Soy prices set back from early highs. Forecasts for Corn Belt dryness in late July and early August sparked a follow-through rally in the CBOT soy complex overnight. Moreover, the results of the weekly Export Sales report looked generally bullish for bean and product futures. Nevertheless, Chicago prices declined from their early highs. The reason for the drop was not obvious, which may bode ill for short-term prospects. August soybean futures advanced 6.5 cents to $12.075/bushel as Thursday’s pit session ended, while November futures climbed 8.25 cents to $10.8475. August soyoil moved up 0.04 cents to 36.24 cents/pound and August soymeal gained $3.8 to $395.3/ton.
The wheat markets turned lower as well. Wheat futures also followed soybeans upward last night, but subsequently turned downward. The Export Sales data looked neutral. Today’s eventual decline may partially have reflected news that scouts are finding strong productive potential while touring spring wheat across the northern Plains, as well as late soy slippage. September CBOT wheat slipped 2.0 cents to $5.5875/bushel at its Thursday settlement, while September KC wheat slumped 3.0 cents to $6.205/bushel, and September MWE wheat moved 1.25 cents lower to $6.1975.

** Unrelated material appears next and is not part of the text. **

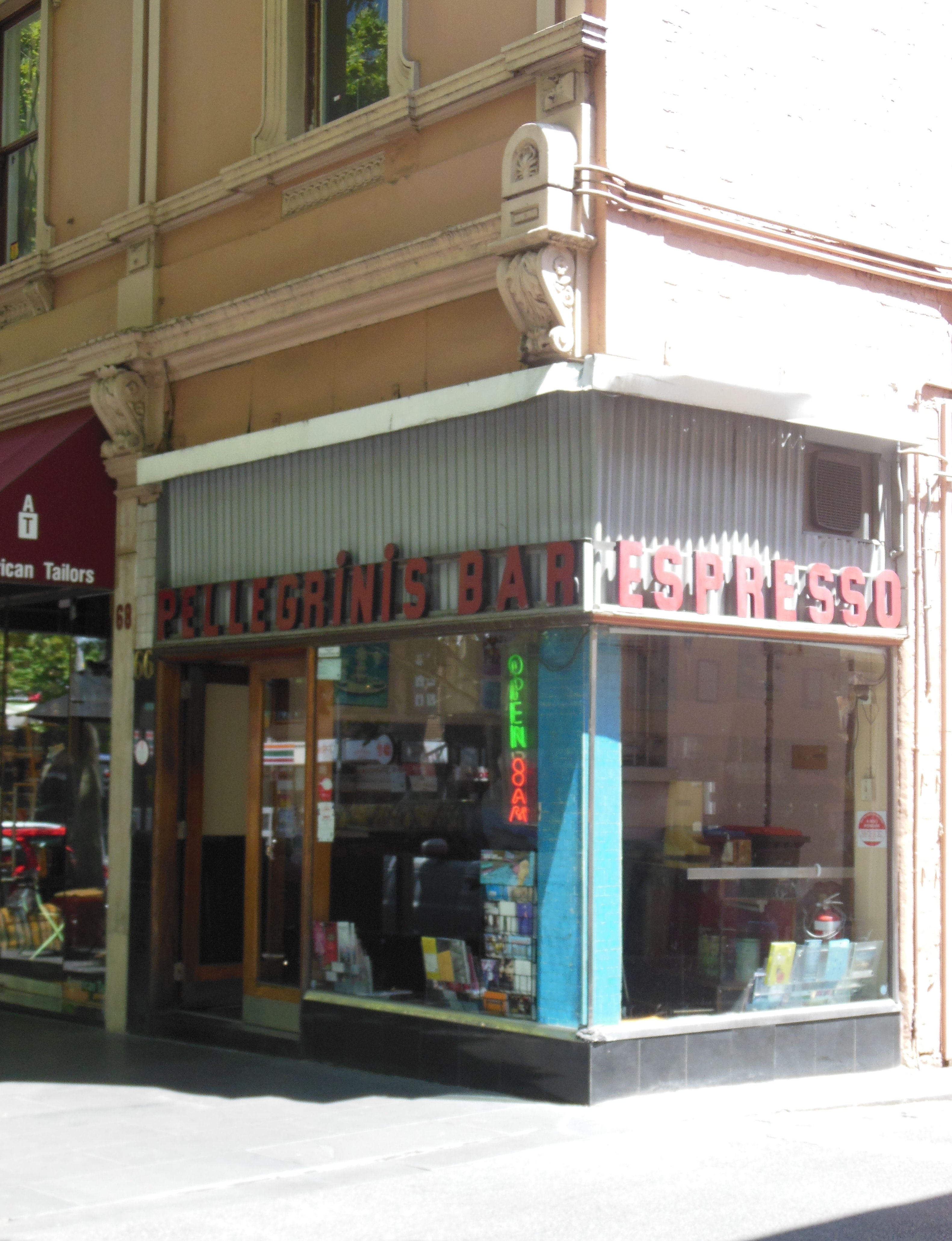 Italian and Greek cafes and eateries were making their mark and became more acceptable to Melbournians after the Olympic Games introduced an international flavour to the city. Pellegrini’s in Bourke Street, Mirka cafe in Exhibition Street, Mario’s in Brunswick, and The Gallion in St Kilda were all established by post-war immigrants. The Italians cemented the tradition of coffee drinking in the Melbourne culture. In 1953 the Gaggia espresso machine arrived in Melbourne and was installed in the Il Cappuccino café in St Kida the following year. It soon appeared in the University Café in Lygon Street and Pellegrini’s in Bourke Street.
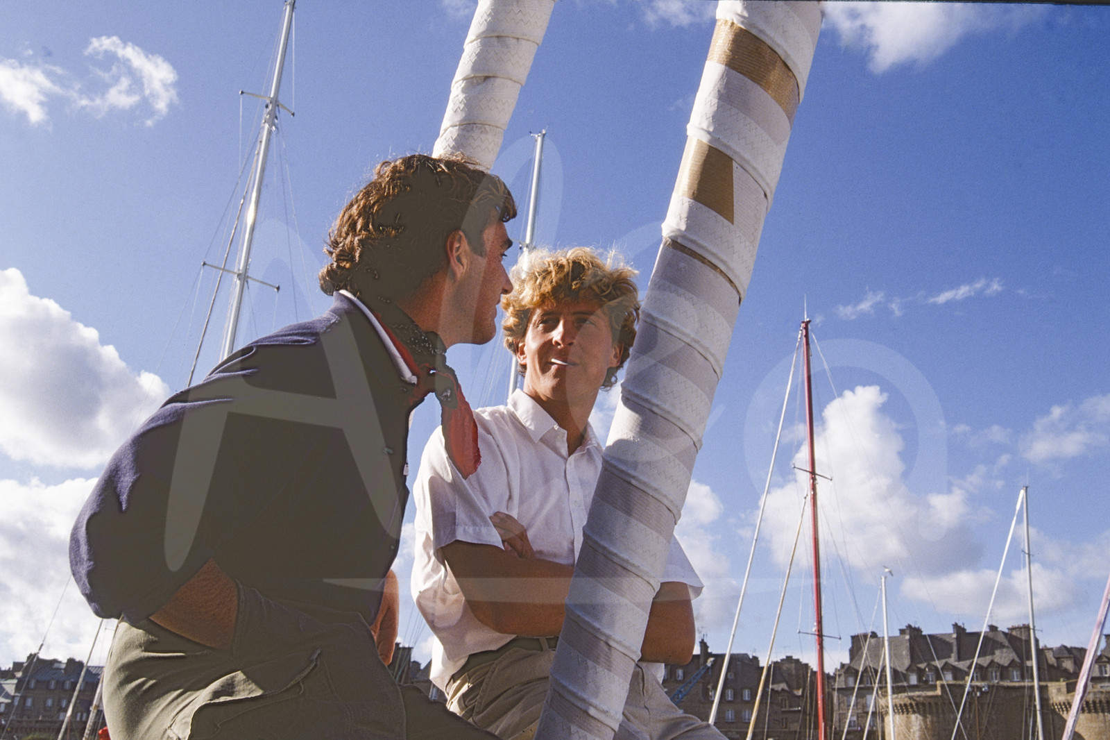 Description | Portrait Skippers Loick Peyron, Lada Poch IV, et Laurent Bourgnon, RMO, avant le départ de la Route du Rhum, à St-Malo, France, le 2 Novembre 1990 - Photo François Mousis / ALEA |

Cattle futures proved quite volatile Thursday. News that western Plains cattle were trading at record highs in the $160-$162/cwt area sent CME futures soaring early this morning. However, bulls proved unable to sustain the advance, thereby triggering a technical drop that put the complex lower at midday. Prices later recovered, but today’s CME action suggests a major top may be looming. August live cattle settled up 0.50 cents at 156.55 cents/pound Thursday afternoon, while December rose 0.05 cents to 157.77. Meanwhile, August feeder futures inched up 0.07 cents to 217.32 cents/pound, but October feeders dropped 0.55 to 217.62.
Hog futures remained under pressure. Wednesday’s hog breakdown had bearish technical implications, so late-day news of sizeable cash and wholesale losses triggered fresh CME selling overnight and again today. The August future firmed, but its ability to sustain the bounce is debatable. August hog futures ended Thursday having dived 1.37 cents to 123.20 cents/pound, while December plunged 2.87 cents to 98.62.